I don't understand your theory of another process that ends the backup. Then there would be something else that takes the session, ownership of the shadowcopy and then close the connection. A bit far fetched if you ask me.
EMC support not yet provided any usefull solutions for the last two SR's we've created. Mostly they ask for logfiles and no advice is given.
I'd like to know what the exception "BackupVirtualDeviceFile::RequestDurableMedia: Flush failure on backup device" is thrown for and what's beeing done before that so we can troubbleshoot this more. Need to narrow it down more.
Is it SAN-disk, Network latency/packetdrop, SQL server running out of resources, shadowcopy space is low and OS deletes the copy before backup is completed or something else?

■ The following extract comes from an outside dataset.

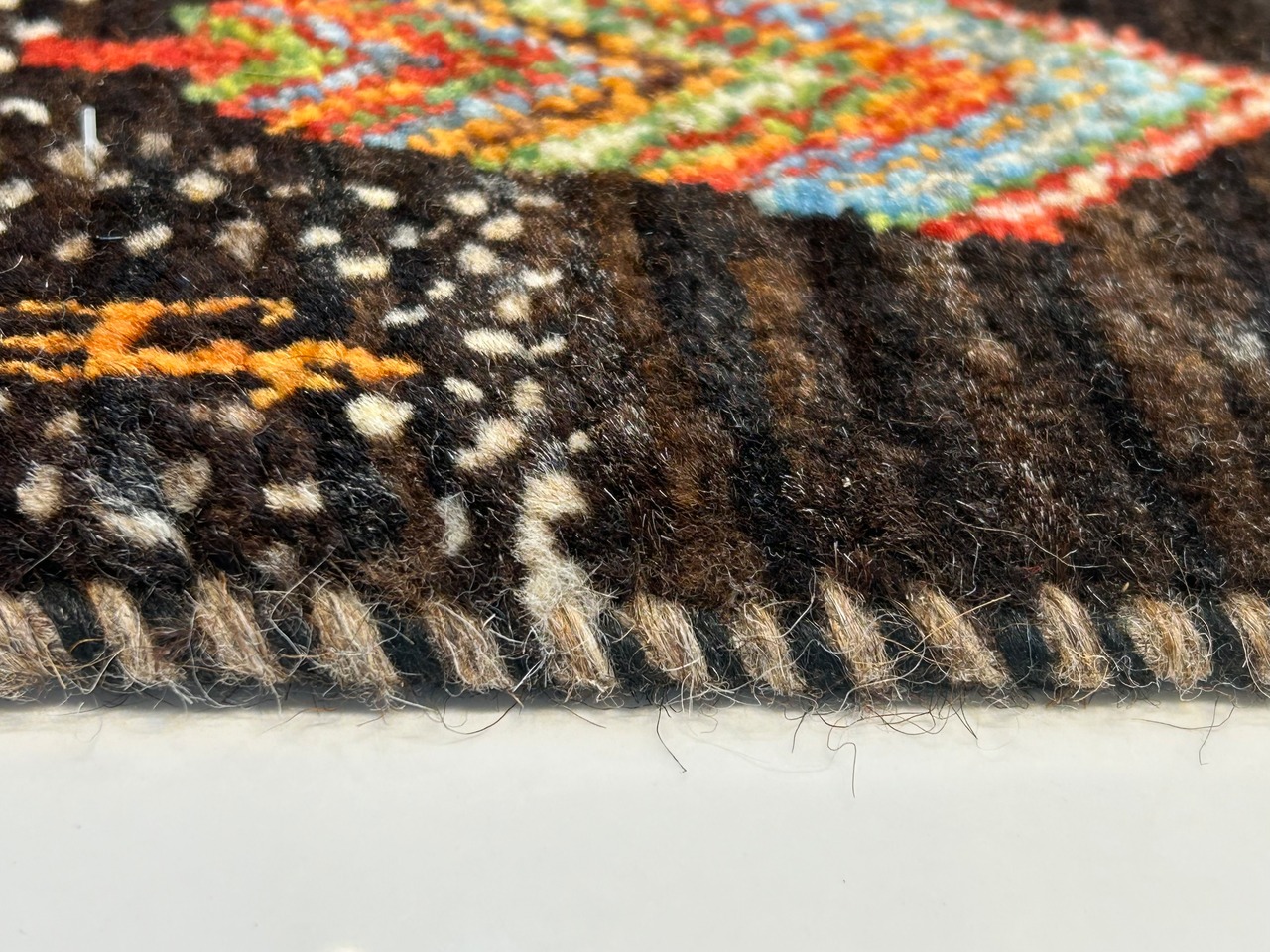 ウール100%を使用し、イランSHIRAZ産の手織りGABBEHです。「生命の樹と蝶」をモチーフにした美しいデザインが特徴で、高品質なウールにより、柔らかな手触りと優れた耐久性を兼ね備えています。彩り豊かな色合いと豊かな表情が、お部屋の雰囲気を一層引き立てます。 サイズは約41x41cm(房含まず)で、さまざまな場所にぴったりフィットします。

So i'm going to add a script to our alert management to set the networker parallelism to 2 instead of 4 if i get this problem. It's not a solution but a possible workaround. Would be nice if it was able to do more logging on this issue to see the real problem but don't know where to start and the D9 level on nsrsqlsv.exe don't show anything interesting.
Would be terrible if it's the OS that can't manage it's own resources properly and need to abort operations just because it's allocated to much resources to one process...
"I don't understand your theory of another process that ends the backup."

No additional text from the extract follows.